I love blue merle, but color is not important. I also think I want a rough collie, but that is not overly important either. Gender is unimportant. I care most about health, longevity, trainability, and temperament. I plan to train him or her as a therapy dog as well as do flyball or agility. I will be moving this summer and would like a puppy in the fall.

Thank you for all your help!


----------



## kcomstoc (Mar 9, 2013)

Hi, I too am looking for a rough collie and I've narrowed it down to 2 breeders *both are in PA because I live in NY*, the first one http://www.heatherfieldcollies.com/ is the one I'm going to visit on April 12th so I'm very excited for that. This is the other one, I sent out a puppy application about 4-5 days ago and I haven't heard anything back yet, http://www.kelstrincollies.com/. Hope this helps.


----------



## samshine (Mar 11, 2011)

It can be very hard to find a good breeder. The problem is that most of them rely on word of mouth and networking to place their puppies and don't have to advertise or promote their websites. Lots of them aren't even very good at keeping their websites up to date. The good news is that once you tap into the network, if a breeder does not have upcoming puppies they will usually pass you along to someone else. 
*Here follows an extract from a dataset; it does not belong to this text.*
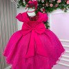 TECIDO 100% POLIÉSTER   Confeccionado em tecido misto possui forro em poliéster e algodão para não incomodar a criança e proporcionando um caimento incrível e sofisticado, possui gola redonda, comprimento médio, mangas curtas,  contém, também, elástico nas costas para melhor ajuste, acabamento com lindo laço na parte posterior do vestido completa o look dos sonhos!   * Medidas podem variar em até 2cm. * Caso queira o vestido mais armado, recomendamos o uso do saiote ou anágua de armação, disponível no nosso site na categoria acessórios. * Tiara vendida separadamente, disponível em nosso site na categoria acessórios. * Calçados vendido separadamente, disponível em nosso site na categoria calçados.     * LEMBRANDO QUE PODERA HAVER VARIAÇÃO DE TONALIDADE DO PRODUTO DEPENDENDO DA TELA DO SEU DISPOSITIVO
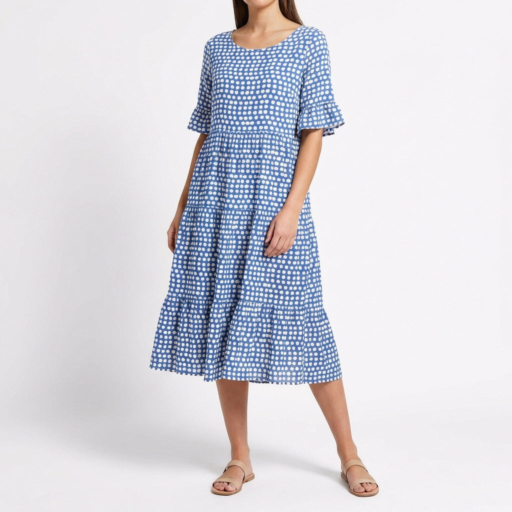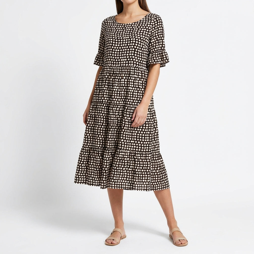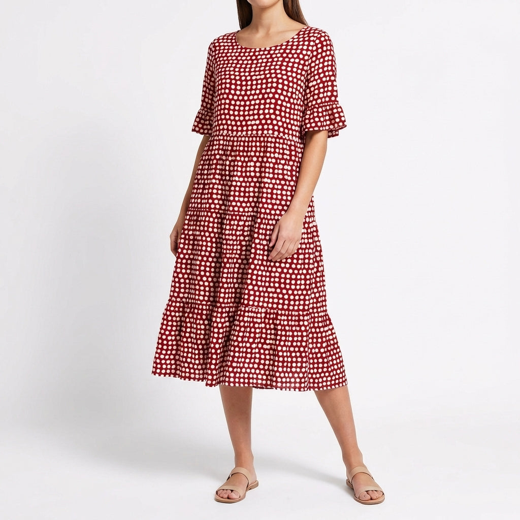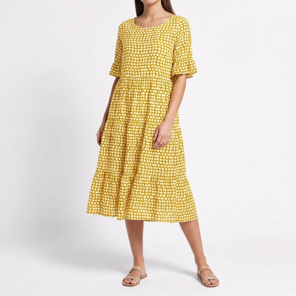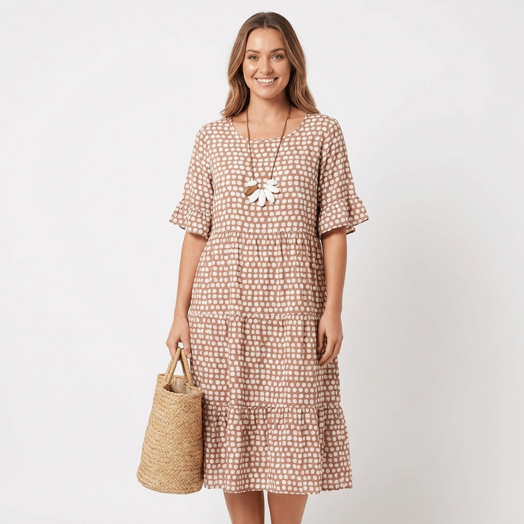 Goditi il bel tempo con un vestito midi a balze che combina dolcezza, freschezza e movimento in un capo irresistibilmente comodo. La sua linea ampia con pannelli arricciati crea un effetto svolazzante incantevole che si muove con grazia a ogni passo, valorizzando ogni silhouette senza stringere. Le maniche con volant aggiungono un dettaglio romantico che eleva il casual a speciale senza sforzo. La stampa a pois artigianale dona un fascino unico e spensierato. Perfetto per mercatini, appuntamenti all’aperto, passeggiate in paese o brunch in cui vuoi sentirti radiosa.

I generally advise people to start with the national parent club website. Generally they have some kind of breeder referral list and a listing of local collie clubs. I checked and the Collie Club of America doesn't have as much info as most club sites. They do have a listing for district directors (each state with more than 10 members elects a director.) I would contact the directors(s) in your area and see if they can help you. http://www.collieclubofamerica.org/cca_district_directors.html

I did find a link to their health foundation. Before you talk to breeders you should read up on the info here http://www.colliehealth.org/articles.asp

You could also go to a local dog show and talk with breeders there. Here's where you can find out about local shows. http://www.infodog.com/showinfo/state.htm If you go please remember that breeders are sometimes very stressed at a show and may not have time to talk at that particular moment. Usually breeders are friendly and approachable, but if not chalk it up to stress. Also some of the people with collies may not be the owners, they could be professional handlers.

Good luck!


----------



## abbaleno (Mar 23, 2013)

Thank you so much! I will check out the links.


----------



## elrohwen (Nov 10, 2011)

Have you looked at the breed club's website? They should either have a list posted or have someone you can contact for referrals.


----------



## cookieface (Jul 6, 2011)

In addition to what Samshine said, be aware that _everyone_ has had something bad said about them. Certainly if there are numerous complaints, there is possibly an issue; but one or two, I'd continue to research those breeders. My dog is from someone I consider reputable, but I'm sure if I looked enough, I could find something negative about her. (Actually, I have read negative things, but more related to her rescue work than breeding.)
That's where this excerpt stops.